A bare number is the only acceptable answer: how many lines of these entries include "Sequin"?

→ **EXERCISE MATERIALS**
Segment Open
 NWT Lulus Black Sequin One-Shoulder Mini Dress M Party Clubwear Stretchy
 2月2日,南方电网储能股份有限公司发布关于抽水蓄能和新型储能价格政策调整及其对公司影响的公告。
Segment Closed
Segment Open
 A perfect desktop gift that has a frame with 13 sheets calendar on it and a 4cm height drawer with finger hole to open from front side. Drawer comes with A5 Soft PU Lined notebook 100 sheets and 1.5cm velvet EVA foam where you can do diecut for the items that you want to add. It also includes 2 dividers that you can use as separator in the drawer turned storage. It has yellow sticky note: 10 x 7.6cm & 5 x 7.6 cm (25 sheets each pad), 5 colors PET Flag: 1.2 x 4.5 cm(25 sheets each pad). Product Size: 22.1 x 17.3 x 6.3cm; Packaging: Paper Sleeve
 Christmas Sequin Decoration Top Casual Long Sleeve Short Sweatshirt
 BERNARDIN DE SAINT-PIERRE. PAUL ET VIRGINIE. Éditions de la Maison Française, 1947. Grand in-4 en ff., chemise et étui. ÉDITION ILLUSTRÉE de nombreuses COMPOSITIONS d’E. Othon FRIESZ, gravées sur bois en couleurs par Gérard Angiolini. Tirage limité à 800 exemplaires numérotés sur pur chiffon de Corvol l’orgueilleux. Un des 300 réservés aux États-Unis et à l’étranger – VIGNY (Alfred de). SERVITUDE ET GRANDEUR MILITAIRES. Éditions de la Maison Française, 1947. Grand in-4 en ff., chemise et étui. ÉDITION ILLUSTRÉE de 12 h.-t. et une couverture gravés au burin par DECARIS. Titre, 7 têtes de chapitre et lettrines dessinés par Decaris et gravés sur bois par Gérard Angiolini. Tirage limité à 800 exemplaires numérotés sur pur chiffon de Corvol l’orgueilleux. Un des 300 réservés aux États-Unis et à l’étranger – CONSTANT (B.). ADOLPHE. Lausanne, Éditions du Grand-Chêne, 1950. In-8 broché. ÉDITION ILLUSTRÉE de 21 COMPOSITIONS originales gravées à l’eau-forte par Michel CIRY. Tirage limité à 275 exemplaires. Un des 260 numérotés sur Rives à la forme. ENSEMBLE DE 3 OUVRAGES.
Segment Closed
→ **EXERCISE RESPONSE**
2